(Beginning of MATERIAL SUPPLIED)
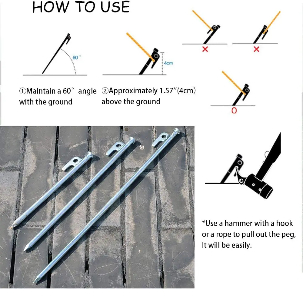 Простота в использовании: с острым наконечником позволяет легко водить кол в землю. Достаточно прочный, чтобы держать палатку против сильного ветра. Стальные кольи усердно работают во время отдыха на открытом воздухе, но они будут отдыхать, если вы хотите их вытащить. Просто используйте молоток, чтобы вытянуть брезент кольями через крючок или отверстие и принести их домой.
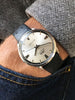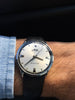 Features: Stunning original silver sunburst dial with applied hour markers and "Mido" signature logo; original handset; factory signed Mido crystal with correct black luminous tension ring; patented Ocean Star stainless steel "waterproof" case
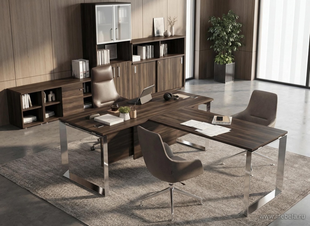 Кабинет руководителя Оникс Люкс Мали в изысканном цвете «дуб мали». Этот стильный и функциональный элемент интерьера станет идеальным местом для продуктивной работы и демонстрации статуса вашего лидера. Продукция российского производства соответствует высоким стандартам качества и экологичности.
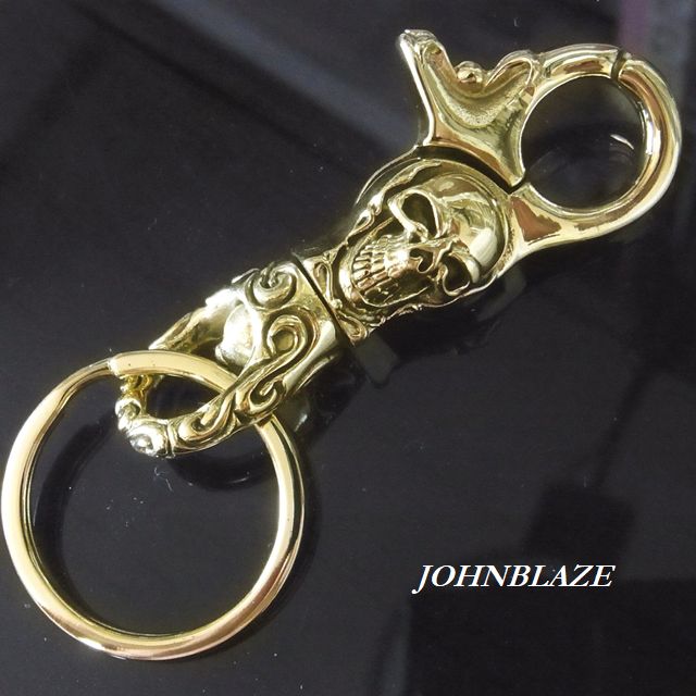 金色 真鍮製 キーチェーン キーホルダー キーリング スカル 髑髏 ガイゴツ グロテスク アラベスク クラスプ ジョイントパーツ リングカン付 ベルトループ ウォレットチェーン フック メンズ 男性用 レディース 女性用 おしゃれ バイカー プレゼント ストリート 送料込み
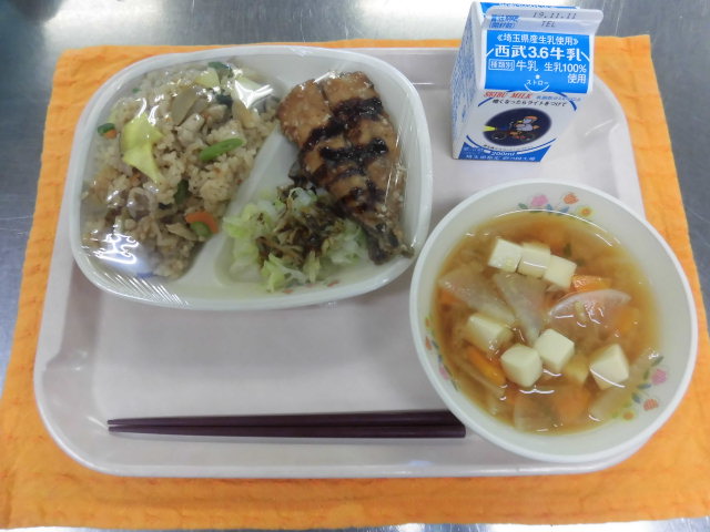 絵文字:食事 給食牛乳・秋の香りご飯・イワシの竜田揚げ・ゆでキャベツ・味噌汁絵文字:食事 給食
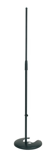 Rakt 2-delat mikrofonstativ, extra lång underdel, slank design, rund fot, svart.
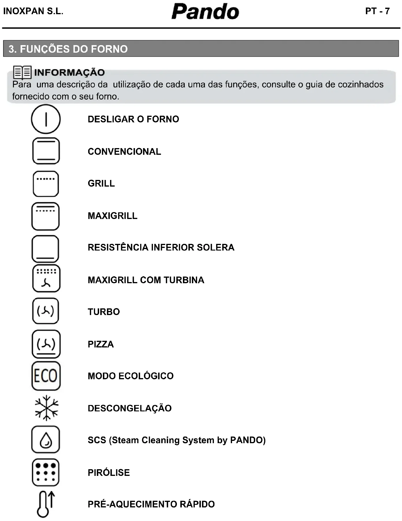 Para uma descrição da utilização de cada uma das funções, consulte o guia de cozinhados fornecido com o seu forno.INOXPAN S.L. PT - 8
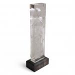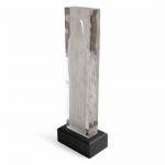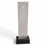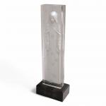 Vierge en verre gravé opalescent, signée, présentée sur un socle en bois
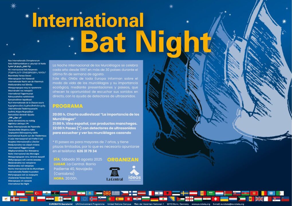 El evento se celebrará en La Central, en el barrio Padierne 40, en Navajeda (Entrambasaguas) y está organizado por la asociación local La Central junto a la entidad Ideas Medioambientales. La jornada busca sensibilizar sobre la importancia ecológica de los murciélagos y fomentar su conocimiento mediante actividades divulgativas dirigidas a todos los públicos.
(End of MATERIAL SUPPLIED)
PROBLEM REQUIREMENTS :: Transcribe exactly, and only, the lines from the one containing "Para uma descrição" through the last line of the records above, both included; leave out the pictures.

PROBLEM SOLUTION ::
 Para uma descrição da utilização de cada uma das funções, consulte o guia de cozinhados fornecido com o seu forno.INOXPAN S.L. PT - 8
 Vierge en verre gravé opalescent, signée, présentée sur un socle en bois
 El evento se celebrará en La Central, en el barrio Padierne 40, en Navajeda (Entrambasaguas) y está organizado por la asociación local La Central junto a la entidad Ideas Medioambientales. La jornada busca sensibilizar sobre la importancia ecológica de los murciélagos y fomentar su conocimiento mediante actividades divulgativas dirigidas a todos los públicos.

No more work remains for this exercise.